Securing Reasoning Model Scratchpad Output in Production AI Applications
Problem
Reasoning models — Claude’s extended thinking, OpenAI o1/o3, DeepSeek R1, and Google Gemini Flash Thinking — generate an intermediate chain-of-thought (CoT) or scratchpad before producing their final response. This scratchpad is where the model works through the problem: it reasons about the user’s request, considers the contents of its context window, examines retrieved documents, and evaluates possible responses.
The security issue is that this scratchpad is often returned to the caller alongside the final answer. Unlike the final response, which the model curates for the user, the scratchpad contains raw intermediate reasoning that was never intended to be customer-facing. In many applications, the scratchpad is being returned verbatim to browser clients, mobile apps, or downstream services — exposing content that the system was never designed to display.
What the scratchpad may contain that should not reach end users:
System prompt content. Reasoning models frequently reference or paraphrase their system prompt while working through how to respond. A scratchpad entry like “The system prompt instructs me not to discuss competitor pricing, but the user is asking about X…” directly discloses system prompt content, including instructions that developers intended to keep confidential.
Retrieved context and internal data. In RAG applications, the scratchpad will reason about retrieved documents by content — “Document 3 mentions the internal project codename Bluebird and a budget of $2.3M…” — disclosing information from internal knowledge bases that was only intended to inform the final answer.
Internal API responses and tool output. When reasoning models are used as agents with tool access, the scratchpad reasons through tool call results: “The user database query returned 847 records including several with PII flags. I need to summarize without including the raw data…” The raw content of the tool output may be present in the scratchpad even when the final response appropriately omits it.

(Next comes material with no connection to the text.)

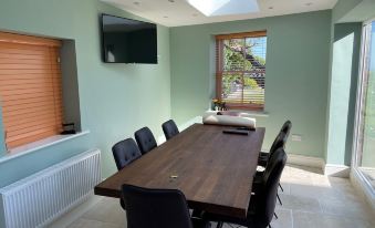 Dining kitchen, with farmhouse style electric range cooker, twin oven, separate grill, and induction hob. Full-size built-in fridge freezer and washing machine. Belfast sink, twin breakfast bars, dining table for 8 with Garden and Sea Views. Wall-mounted smart TV to the dining area. French windows open onto the patio and gardens. Underfloor heating.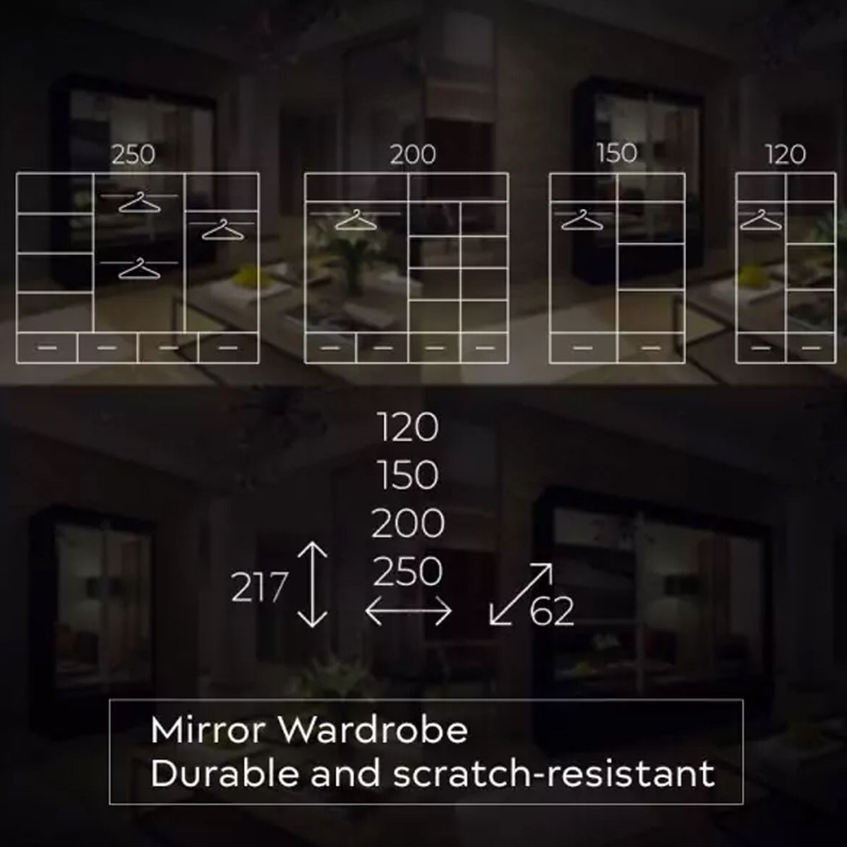 The NEWRY 250cm Mirrored Sliding Door Wardrobe comes with giving your bedroom a classy look! With both hanging space and shelf storage, you can store coats, suits, tops, T-shirts, and towels with room for shoes, bedding, and storage boxes.

Credential and secret reconstruction. If a secret or credential exists anywhere in the model’s context — environment variables mentioned in a document, API keys logged in retrieved data, passwords visible in a schema — the model may reference it during reasoning. “The connection string in the retrieved config file contains what appears to be a database password: postgres://user:XXXX@host/db. I should not include this in my response but can use the host to…” The password appears in the scratchpad.
Security decision rationale. The scratchpad reveals the model’s reasoning about content policy, access control, and security decisions. “The user seems to be asking about X for legitimate purposes even though the request pattern matches a jailbreak attempt. I’ll respond because…” Disclosing this reasoning enables adversaries to craft inputs that are more likely to pass the model’s reasoning filters.
The deployment patterns that expose this content are widespread. Many teams building with reasoning models:
- Stream the full API response including thinking blocks to the frontend without filtering.
- Log raw API responses (including thinking content) to application log infrastructure.
- Forward full model output through a chain of services where thinking content accumulates.
- Use reasoning model output as input to a second model call without stripping the thinking block.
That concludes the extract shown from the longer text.